His focuses is news. He tries to break original news and is open to pitches. Last month Huffington Post recorded
two million comments—a first for the site and reflective of what he called an “active community.”
The section uses 750-1,000-word bylined pieces by outsiders.
Brian Stelter, reporter, New York Times: He was hired in 2007 to be one of the paper’s
first bloggers. “Every media reporter at The Times is essentially a digital reporter now,” he said.
Among the advantages the paper offers is its broad audience and multiple ways of reaching an audience. On the other
hand, there is a :”high threshold” for getting published, if only because an online item can suddenly become subsumed
by a larger story and so never see the light of day.
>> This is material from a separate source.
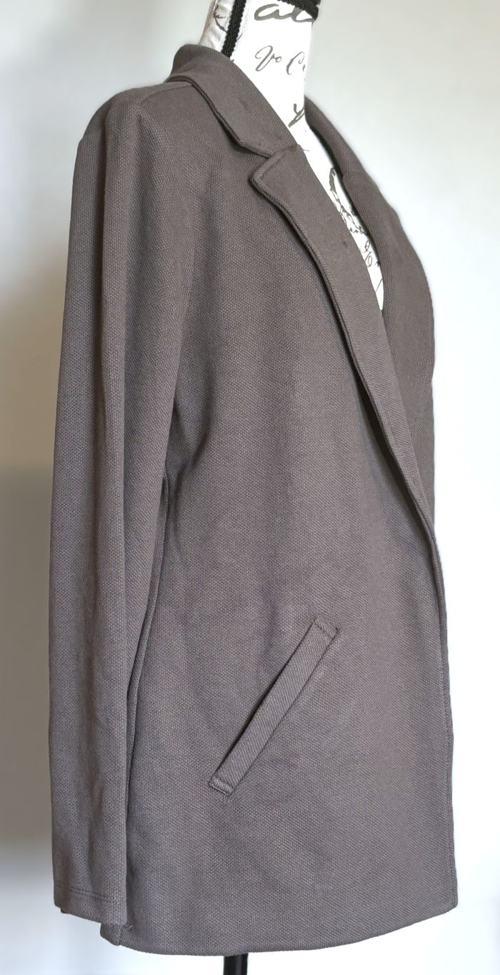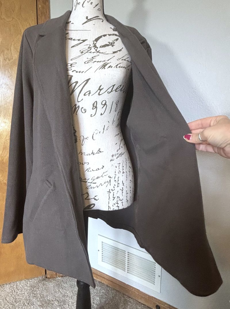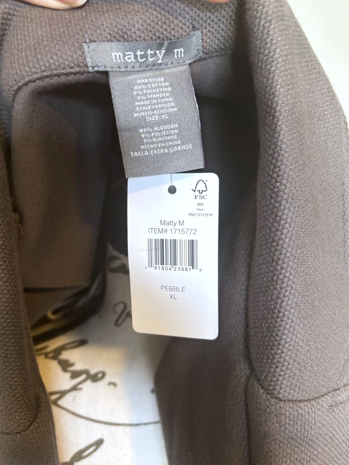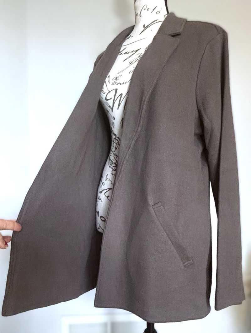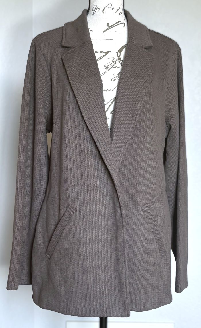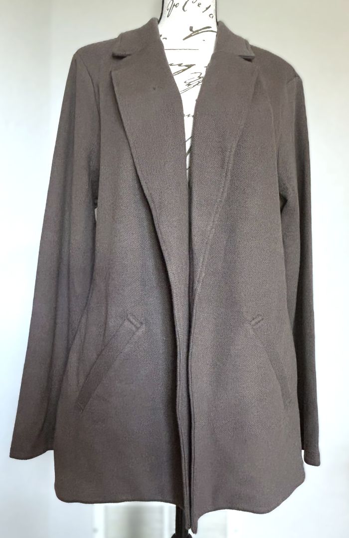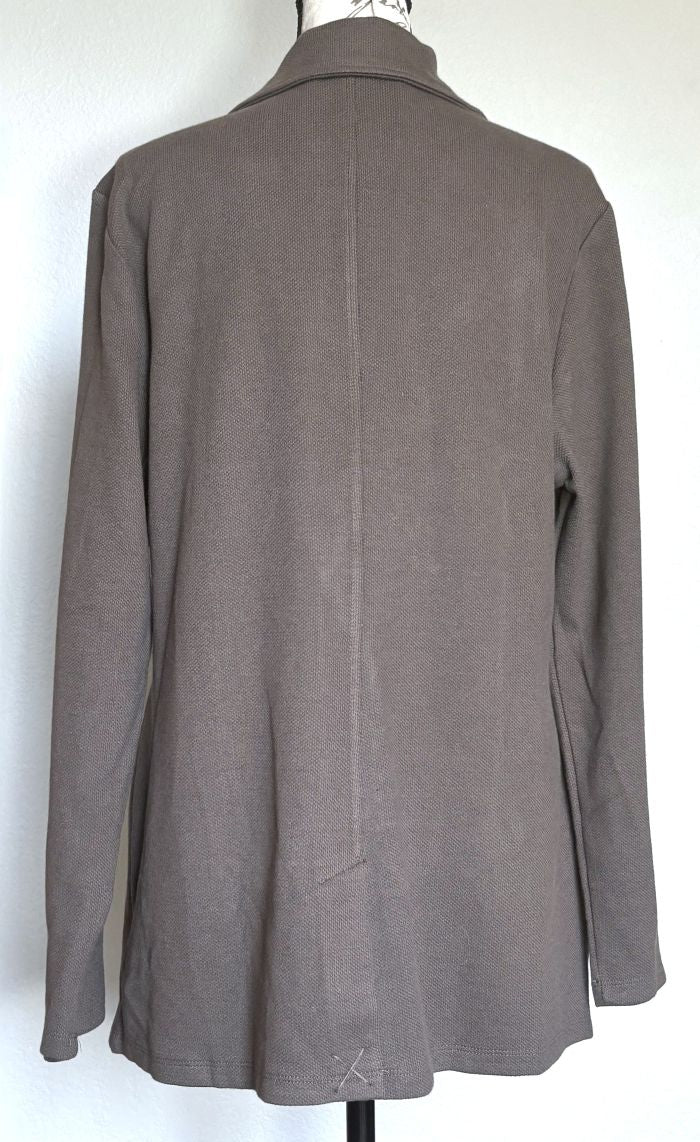 This is a versatile and stylish blazer/jacket from Matty M. Soft fabric is comprised of 86% Cotton/9% Polyester/5% Spandex. The color is called 'Pebble' - a grayish taupe that will go with many things. Two side pockets (stitched closed) and a slit on the bottom of the back, which is stitched up, but measures approx. 6"L.

Being in a blog, he noted, does not mean a story won’t also
appear in print: He uses the blog as a “breeding ground” or basis for pitching a related print story to his editors.
Rachel Sklar, editor at large, Mediaite:
This is a new position for Sklar, who used to write “Eat the Press” for Huffington Post. Mediaite is a new
site (launched just after the July 4 weekend) with an obviously cumbersome name. Sklar pronounced and spelled it more
than a few times to plant it firmly in her audience’s memory. It’s meant for people interested in media,
she said. The site accepts byline material written by outsiders. Her job is to recruit and edit columnists.
She is receptive to online pitches (“I hate the phone”) so long as they relate to what she covers (“I
tune out superfluous overtures like white noise.”). “Be useful,” she advised, and then “people
want to use you.”
David Kaplan,
correspondent, PaidContent: He covers advertising and deals mostly with inhouse, not agency people.
He likes short pitches and likes them by email. If he finds yours to be superfluous, he will block your future emails.
Event’s most interesting comment (from
Sklar): “The era of unverified information on blogs is over.”